Carnitas Enchiladas (Pork Enchiladas)
- 9x13-inch rectangular casserole dish or smaller dishes for freezing and half batches*
- 3 tablespoons olive oil
- 3 tablespoons all-purpose flour
- 2 tablespoons chili powder
- 1 1/2 teaspoons ground cumin
- 3/4 teaspoon garlic powder
- 1/4 heaping teaspoon dried oregano
- 1/4 heaping teaspoon salt
- 3 tablespoons tomato paste
- 3 cups chicken or vegetable broth
- 1 1/2 teaspoons apple cider vinegar or distilled white vinegar
- Black pepper
- 10 8-inch tortillas flour or corn
- 4 cups pulled pork carnitas warm
- 1 1/2 cup shredded Mexican cheese blend or colby-jack cheese
- Pico de Gallo
- Sour Cream
- Pre-measure all of your sauce ingredients (flour, spices, and salt will be added together so they can all go in the same small bowl) and place them next to the stove.
- In a medium pot, heat oil over medium heat. Add flour, spices, and salt and whisk until a thick paste forms and begins to bubble, 30 seconds to 1 minute.
- Whisk in tomato paste and stir until mostly combined. Slowly pour in broth, whisking out any lumps as they form and whisk until completely smooth. Bring to a simmer and cook, whisking often, until sauce has thickened, 6 to 9 minutes.

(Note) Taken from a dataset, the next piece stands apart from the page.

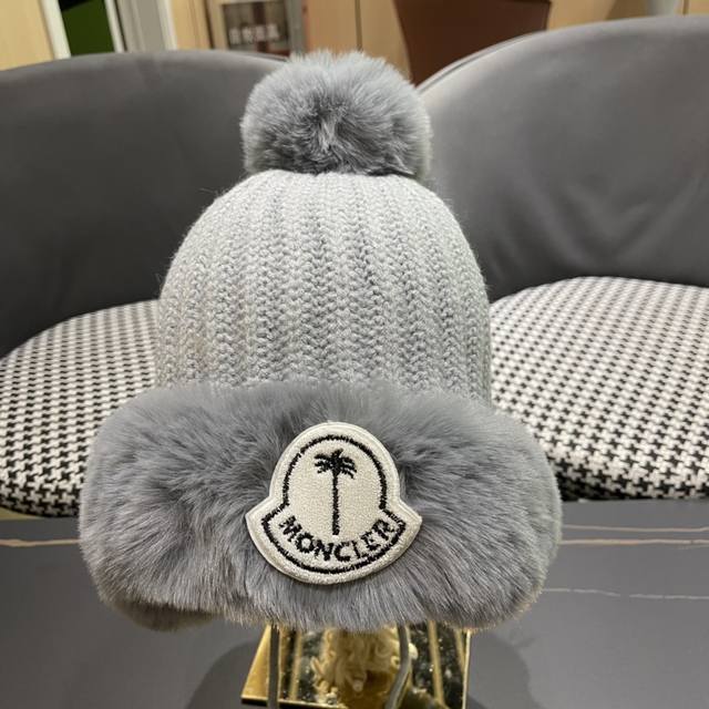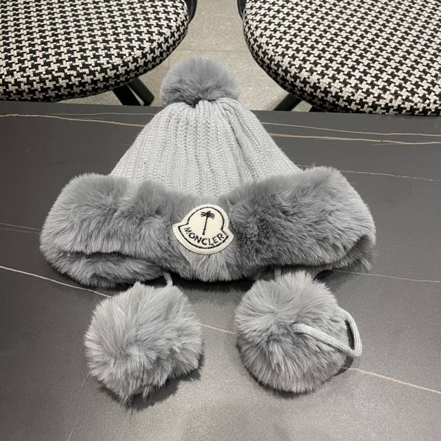 Moncler autumn and winter style fur ball ear plush hat for women outdoor plus ve
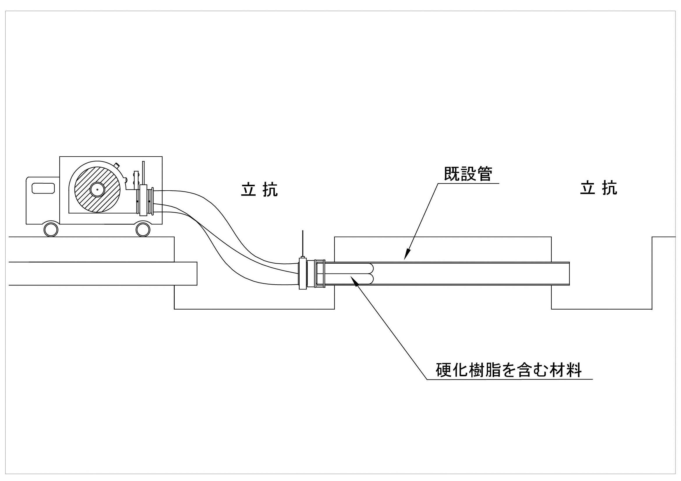 硬化樹脂を含ませた材料を老朽水道管に反転させながら挿入し、内面から圧力をかけて硬化させ、内面に新しくパイプを形成する工法

- Remove from heat, stir in vinegar, and add salt and pepper to taste. Set aside to cool slightly.
- Preheat oven to 350°F.
- Lightly grease your baking dish and add 1/4 cup of the enchilada sauce to the bottom of your dish, spreading it so that it mostly coats the bottom in a thin layer.
- Place warm carnitas in a bowl and add 3/4 cup of sauce. Stir until well-combined. Fill each tortilla with about 1/3 cup of meat and roll tightly. Place in the baking dish, seam-side down.
- Pour remaining sauce over the enchiladas and sprinkle the cheese over the top.
- Bake for 25 to 30 minutes, until cheese is melted and the edges of the tortillas are just slightly crispy and browned.
- Cool for 10 minutes before serving. Top with sour cream and pico de gallo if desired. Enjoy!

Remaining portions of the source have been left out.